7th Pay Commission: The festive season in India could bring a significant piece of good news for millions of people employed by the central government. Under the 7th Pay Commission, the government may soon announce a major update related to Dearness Allowance (DA) and Dearness Relief (DR) for pensioners and central government employees.
How Much Could DA Increase? While no official statement has been released yet, speculations suggest that the announcement might come in October. Some media reports indicate that the government could raise DA by 4%.
How Much Could DA and DR Increase? This could potentially increase the existing 42% to 46%. However, the final decision will be made by the government and is subject to Cabinet approval.
Understanding DA and DR To combat rising inflation in the country, the government provides Dearness Allowance to its employees.

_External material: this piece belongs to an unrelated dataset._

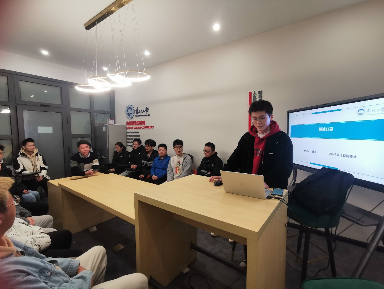3月7日晚七点,我院“研途有你,助力梦想”考研复试经验分享沙龙于浑南校区“一站式”学生社区活动室五舍A104举办,分享会通过腾讯会议线上同步直播,2021、2022届优秀毕业生代表、23届考研同学80余人参加分享会。

An increase in DA results in a higher salary for millions of employees, as it forms a part of their basic salary. When inflation rises, the government also increases DA to compensate for the increased cost of living. Dearness Relief (DR) is provided by the central government to pensioners.
Why and When Does the Government Modify DA/DR? Due to the continuous increase in inflation, the government regularly adjusts the rates of DA and DR every six months.
How Much Salary Increase Can Be Expected? For instance, suppose an employee’s basic salary is currently ₹18,000 per month. With a 42% DA rate, they receive an additional ₹7,560 every month. If the DA increases to 46%, this amount would rise to ₹8,280, resulting in a ₹720 increment in their salary.